Maybe you caught an episode. “Chasing the Cure,” a TNT/TBS medical mystery show, features ailments that seem unexplained — and asks the public to help.
One such mystery is Cathy, a Gulf War veteran with a persistent cough and hair loss. No one seems to be able to figure out what's wrong. But maybe a team of experts — and you, the viewer — can help?
“For the last 28 years, they've had test after test, X-ray after X-ray, blood tests, comb biopsies,” Cathy says in a taped segment on the show's website. “I've gotten all kinds of inhalers. It can work for about two or three days, and then this cough is strong. Like he grew muscles.”
The show brings together medical advice in a way that has only been possible in recent decades. It is, at its core, not just a show about its patients' perplexing ailments, but a window into how medicine is changing in the Internet age. Better diagnoses with big medical data, longer virtual doctor visits, and—yes—even the kind of collaborative diagnoses that bring doctors hundreds of miles together in a case are becoming easier with the advent of better, faster telecommunications technology.
For medical providers in the upper Midwest, technology has been marching forward – making all things possible – for decades and decades. Dr. Josh Crabtree, senior vice president of clinical operations for Sanford Health, points out that even some of the most basic changes in telecommunications have helped transform the profession.
“We can go way back and say that the telephone was a huge technological advance in the practice of medicine – we could just pick up a phone and call a consultant who was an hour away or halfway around the world,” he said. Crabtree. “But also through technology, not only can I now talk to them on the phone, but I can talk to them on a video screen.”
That kind of remote care is the conceit behind devices like Tyto Care, a home device that has a few basic tools — like a camera, thermometer and tongue depressor — and can help doctors examine patients remotely. Sanford's website boasts that it can even help doctors make a diagnosis and offer a prescription, all without the patient ever seeing a doctor in person.
For areas like North Dakota, these technologies, called “telemedicine,”
an increasingly important way of providing access to medical care. The Washington Post
that 80% of the rural United States is medically underserved, according to federal officials, with dim hopes for an increase in doctors. ONE
on file with the University of North Dakota's Center for Rural Health indicates that most of the state is a “geographic health care professional shortage area.”
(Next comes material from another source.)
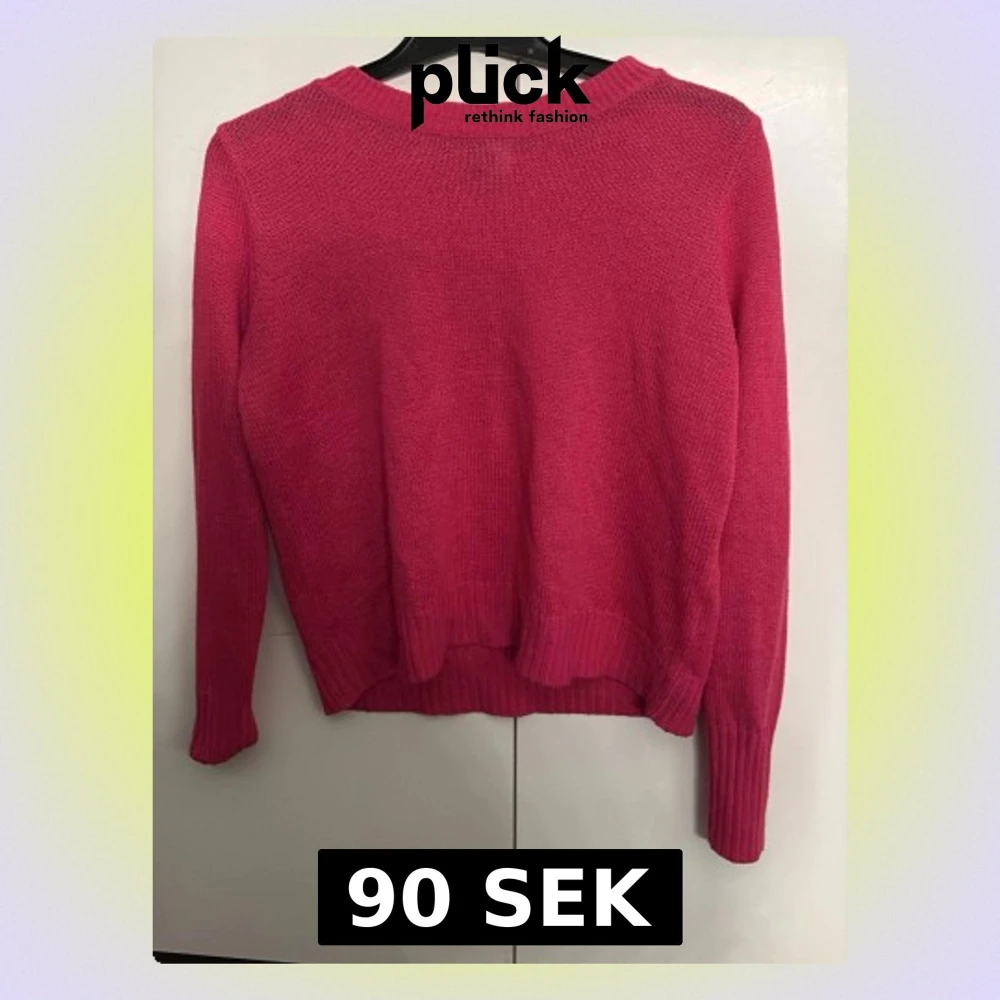 Säljer en snygg rosa stickad tröja från H&M Divided i storlek S. Tröjan har rund hals, långa ärmar och ribbade muddar vid ärmslut och nederkant. Perfekt för att ge din outfit lite färg och värme under kyliga dagar.

Telemedicine is increasingly being used across the country. Altru Health System is also developing its own line of telemedicine services, which Mark Waind, executive vice president and chief information officer, said helps keep patients from driving long distances for care and prevents patients from going outside in inclement weather — when there is a video link with a nurse and a patient at one end and a doctor at the other will help medical professionals to assess the situation perfectly.
“When you look at the last four or five years, we've had a dramatic increase in the amount of telemedicine that we have,” Waind said.
The other big development, said Dr. Mark Weiser, Altru's chief medical officer, is the ways big medical data is starting to help doctors treat patients. Doctors haven't been replaced by AI yet, of course—but a wealth of medical data gathered by computers is starting to give doctors a deeper understanding of the likelihood that a patient is ready to be discharged, for example.
And, of course, there's plenty of collaboration that mirrors what happens on TV shows like “Chasing the Cure” — the Mayo Clinic Care Network, which is pretty much an expansive network of resources, including physician expertise, that providers can tap into healthcare in. According to the clinic's website, that includes things like e-consults, where doctors can turn to Mayo experts for advice about a patient, to health care consults, in which industry experts offer advice on “patient care, human human resources, finance and other administrative and operational areas'. Altru is a member.
But as with the telephone, some of the simplest advances in medical technology are some of the most transformative. Waind points out that patients entering the emergency room today already know more than most other patients.
“(Patients) are much more informed than ever before because you can google anything…. you can google a kidney stone or chest pain or elbow pain,” he said. “You can google what a fracture looks like.”